The wear resistance of the inventive steel was examined and compared to the well known stainless steel Elmax SuperClean and the non-stainless steel Vanadis 8. The weight loss was measured using the pin-on-disc method with AI2O3 -paper and it was found that the inventive steel had a remarkable good wear resistance with a weight loss of 47.6 g mg/min, whereas the stainless steel Elmax SuperClean had a weight loss of 112.8 mg/min and the non-stainless steel Vanadis 8 had a weight loss of 49.1 mg/min. Accordingly, the inventive steel is well suited for moulding fibre-reinforced plastics.

Other alloy compositions that can be used according to the present invention are reproduced in Table 1 below.
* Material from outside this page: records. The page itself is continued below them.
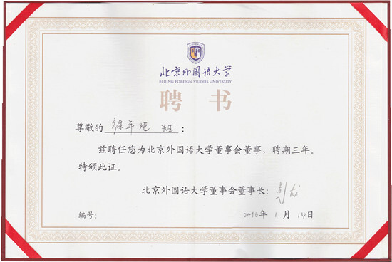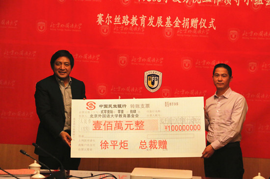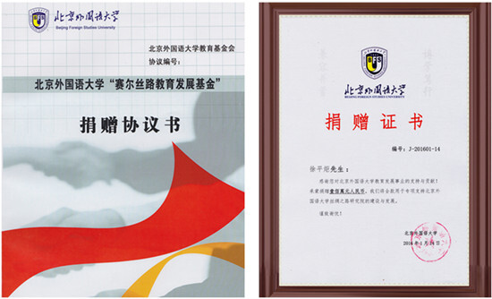 會議還舉行了“賽爾絲路教育發展基金”捐贈儀式,由賽爾集團捐資100萬元,參與共建寧波海絲研究院。彭龍校長與徐平炬總裁共同簽署了捐贈協議,北外聘任徐總為學校董事會董事,彭校長向徐總頒發了捐贈證書、校董聘書和校董名片,徐總表示非常榮幸和感謝。
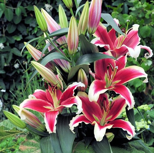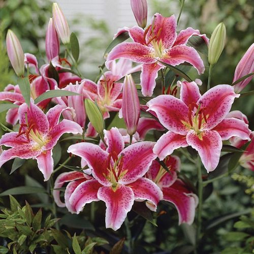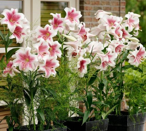 This is the cross between oriental and trumpet lilies. The plants display large fragrant flowers in a combination of pink and white, with a green center. It can grow up to 4-5 feet high and is perfect for hedges or borders.
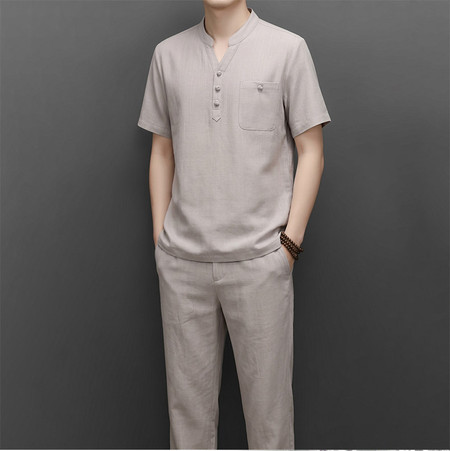 罗蒙衬衫&52603T男士亚麻莫代尔短袖衬衫
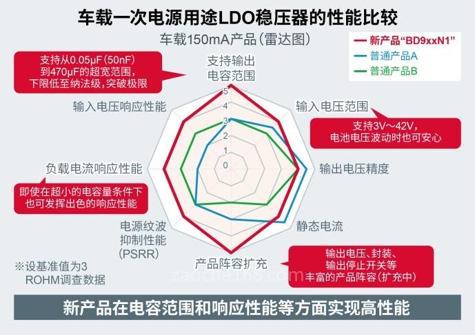新產(chǎn)品是搭載了ROHM自有的超穩(wěn)定控制技術(shù)“Nano Cap?”的新型車載LDO穩(wěn)壓器系列,支持低至100nF(納法:10的負(fù)九次方)的輸出電容量,不到普通產(chǎn)品1/10,而且,在輸入電壓和負(fù)載電流*2波動(dòng)的情況下,也能實(shí)現(xiàn)應(yīng)用產(chǎn)品所要求的穩(wěn)定工作(輸出電壓波動(dòng)100mV以內(nèi):負(fù)載電流波動(dòng)1mA?50mA/1μ秒時(shí))。新產(chǎn)品支持超寬范圍的輸出電容量,不僅適用于普通的數(shù)μF的小型MLCC(多層陶瓷電容器)和大容量的電解電容器,也適用于以往實(shí)際應(yīng)用中很難穩(wěn)定工作的1μF以下的0603尺寸超小型MLCC,因此,不僅有助于元器件和電路板的小型化,還可以在更廣泛的電容器條件下使用,有助于減少設(shè)計(jì)工時(shí)。
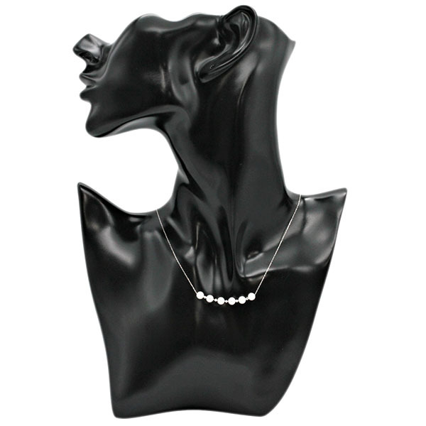 ベビーパールの間にミラーボールパーツがキラキラと光り、華奢なチェーンが儚げな印象のネックレスです。どんなファッションでも馴染み、ワンポイントに取り入れるだけで品のある印象を与えてくれる万能なアイテムです。
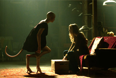 En réduisant le monde virtuel des salons de discussions à de vastes couloirs baroques, colorés et lumineux, où chacune des pièces est à l’image du chat qu’elle abrite, le réalisateur japonais offre un visage original et visuellement intéressant au réseau. En total contraste avec le monde réel, vers lequel Nakata nous ramène parfois, le décor est tout de suite posé, et une sorte d’accord tacite avec le spectateur est subtilement établi de façon à se repérer. La chatroom en question, celle où se déroulera la majeure partie des échanges entre les protagonistes, est simple. Une pièce vaste, vide, meublée uniquement par quelques chaises. S’il y aura toujours des esprits chagrins pour se plaindre d’une vision imagée d’Internet, force est de constater que Nakata sait ici faire preuve de sobriété et d’un certain esthétisme, pour nous laisser nous concentrer sur l’essentiel.
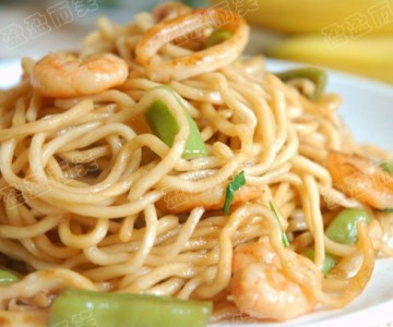 湿面,四季豆(洗净切段),基尾虾(去壳、虾线洗净),鲜鱿(洗净切细圈),葱(切段),姜(切片),蒜(切片),适量鲍汁,酱油,盐,鸡精
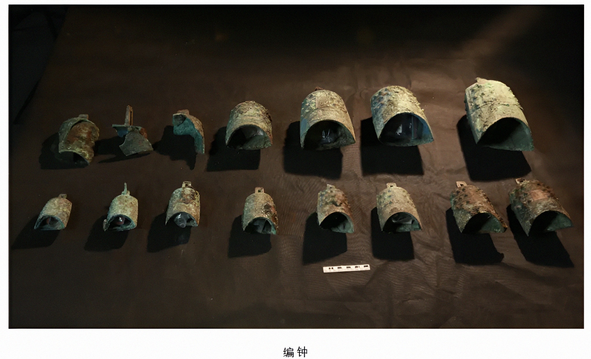 청동기青铜器로는 정鼎、두豆、방钫、호壶、반盘、증甑、등灯 및 편종编钟、금진琴轸 등이 있다.
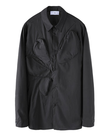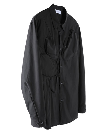 ・実用的なポケットとシンプルなシャツの意匠によってユーティリティーな仕上がりとなっており、どこか近未来的なユニフォームを思わせる造りです。

Table 1. Exemplary alloy compositions of the present invention.

INDUSTRIAL APPLICABILITY

The tool steel of the present invention is particular useful for the production of moulds for plastic forming.

Claims

1. A stainless steel suitable for plastic moulding, wherein the steel is produced by powder metallurgy and comprises the following elements in weight %:

C 1.2-1.8

Si 0.05-0.8

Mn 0.05-0.9

Cr 10.0-12.2

Mo 0.7 -2.5

V 6.7 -8.7

N 0.001-0.3

Ni <1.1

Nb <4

Ti < 1

Ta < 1

Zr < 1

Hf < 1

S <0.05

P <0.05

Cu < 0.5

Co <5

W < 1 balance Fe apart from impurities.

2. The stainless steel as defined in claim 1, wherein the steel fulfills at least one of the following requirements:

C 1.3 -1.7

Si 0.1 -0.7

Mn 0.1 -0.8

Cr 10.2-11.4

Mo 0.8 -1.8

V 6.8 -7.7 N 0.01-0.2

Ni 0.1 -1.0

Nb <2

Ti <0.5

Ta <0.5

Zr <0.5

Hf < 0.5

Co 1-4

3. The stainless steel as defined in claim 1 or 2, wherein the steel fulfills at least one of the following requirements:

C 1.4-1.6

Si 0.2 -0.6

Mn 0.2 -0.6

Cr 10.4-11.2

Mo 0.9 -1.6

V 7.0 -7.4

N 0.03-0.15

Ni 0.4 -0.8

Nb < 1

Ti <0.1

Ta <0.1

Zr <0.1

Hf <0.1

Co 2-3

4. The stainless steel as defined in any of the preceding claims, wherein the steel fulfills at least one of the following requirements:

C 1.45-1.55

Si 0.3 -0.5

Mn 0.3 -0.5

Cr 10.6-11.0 Mo 0.95-2.1

V 7.1 -7.3

Ni 0.4 -0.7

N 0.05-0.15

5. The stainless steel as defined in any of the preceding claims, wherein the steel fulfills at least one of the following requirements: Volume % VC 8-15

Volume % M7C3 < 3

Volume % M₂₃C₆ < 2,

Hardness 58-60 HRC

6. The stainless steel as defined in any of the preceding claims, wherein the steel fulfills at least one of the following requirements: Volume % VC 8-12

Volume % M7C3 < 2

Volume % M₂₃C₆ < 1

7. The stainless steel as defined in any of the preceding claims, wherein the steel is formed as a knife.